(Excerpts from a dataset)
--
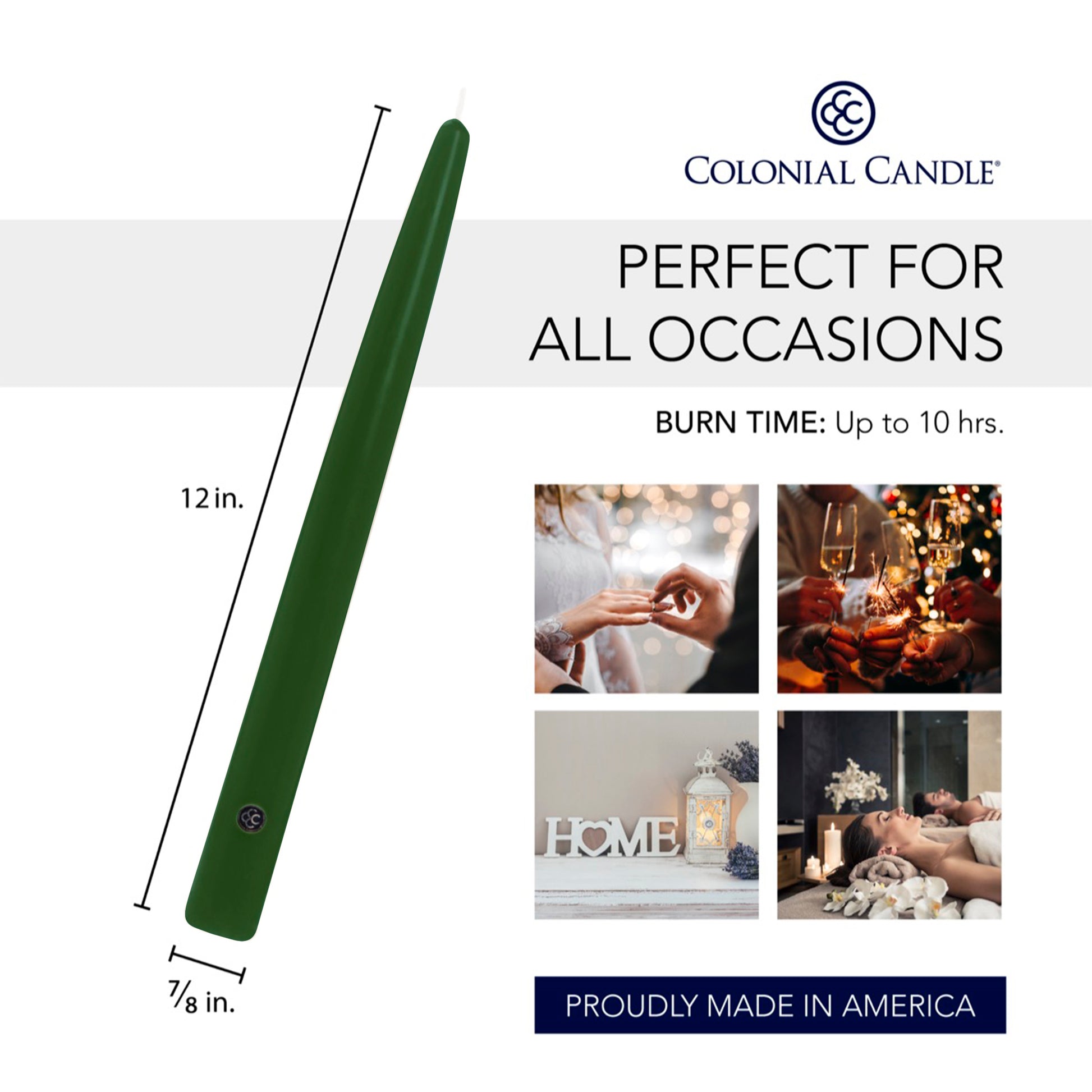 A deep green color, our Evergreen taper candles bring a bold touch to your home décor. These twelve-inch candles are hand dipped for a nostalgic look, virtually drip free, and have a burn time of up to ten hours each.
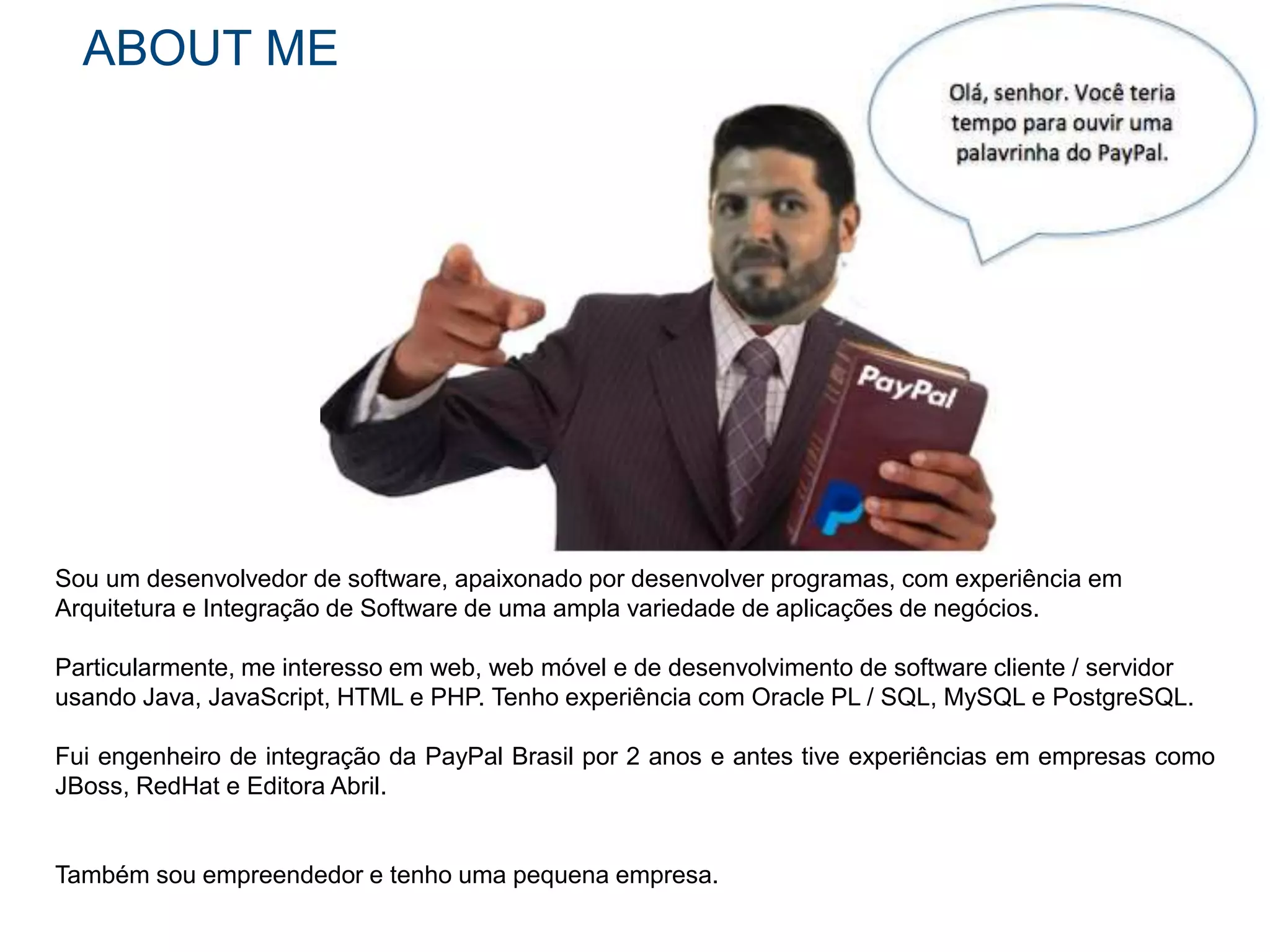 O documento discute o que é OpenID Connect e como criar um aplicativo usando OAuth 2.0 para autenticação com serviços externos como o Login com PayPal. Ele explica o que são OpenID e OpenID Connect, como funciona o fluxo de login com PayPal e fornece links para documentação e demonstrações sobre como integrar a autenticação do PayPal em aplicativos.
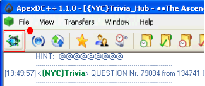 • Faceti click pe glob dupa cum arata in imaginea de mai jos si vi se va deschide lista de huburi adaugata de dumneavoastra mai devreme sau cele default pe care le avea programul încă de la instalare. Se poate intra pe huburi foarte simplu, facand click pe cel care doriti. Iar daca cunoasteti dumneavoastra o aderesa de hub o puteti adauga tinand apasat pe tastatura „Ctrl+Q“ (tastele „Ctrl“ si „Q“ in acelasi timp).
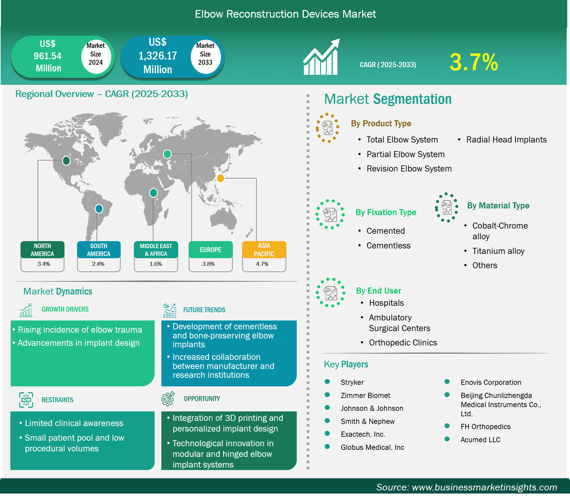 According to market analysis, the elbow reconstruction devices market size is expected to reach US$ 1,326.17 million by 2033 from US$ 961.54 million in 2024. The market is estimated to record a CAGR of 3.7% from 2025 to 2033, supported by an aging population, rising sports-related injuries, and increasing adoption of orthopedic surgical interventions.
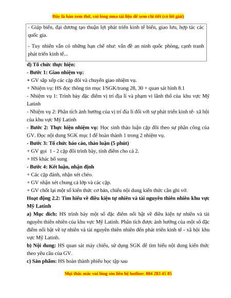 - Nhiệm vụ 2: Phân tích ảnh hưởng của vị trí đía lí đối với sự phát triển kinh tế- xã hội của khu vực Mỹ Latinh
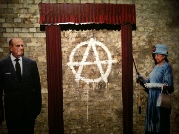 The Independent writes “The foyer boasts a few of Banksy's latest artworks. Against one brick wall, effigies of the Queen and Prince Philip are seen unveiling a big white anarchist sign. On another is a big Hollywood-style sign for production company, Paranoid Pictures. In a corner is a fake bonfire, burning a selection of 18th- and 19th-century paintings, portraits of Napoleon and Queen Victoria among them. There is an ice-cream van from which a youngish man with a goatee beard serves popcorn and soda.”
--
Begin at the first line of the records. Print every line through the one containing "O documento discute" exactly, but skip the pictures.

 A deep green color, our Evergreen taper candles bring a bold touch to your home décor. These twelve-inch candles are hand dipped for a nostalgic look, virtually drip free, and have a burn time of up to ten hours each.
 O documento discute o que é OpenID Connect e como criar um aplicativo usando OAuth 2.0 para autenticação com serviços externos como o Login com PayPal. Ele explica o que são OpenID e OpenID Connect, como funciona o fluxo de login com PayPal e fornece links para documentação e demonstrações sobre como integrar a autenticação do PayPal em aplicativos.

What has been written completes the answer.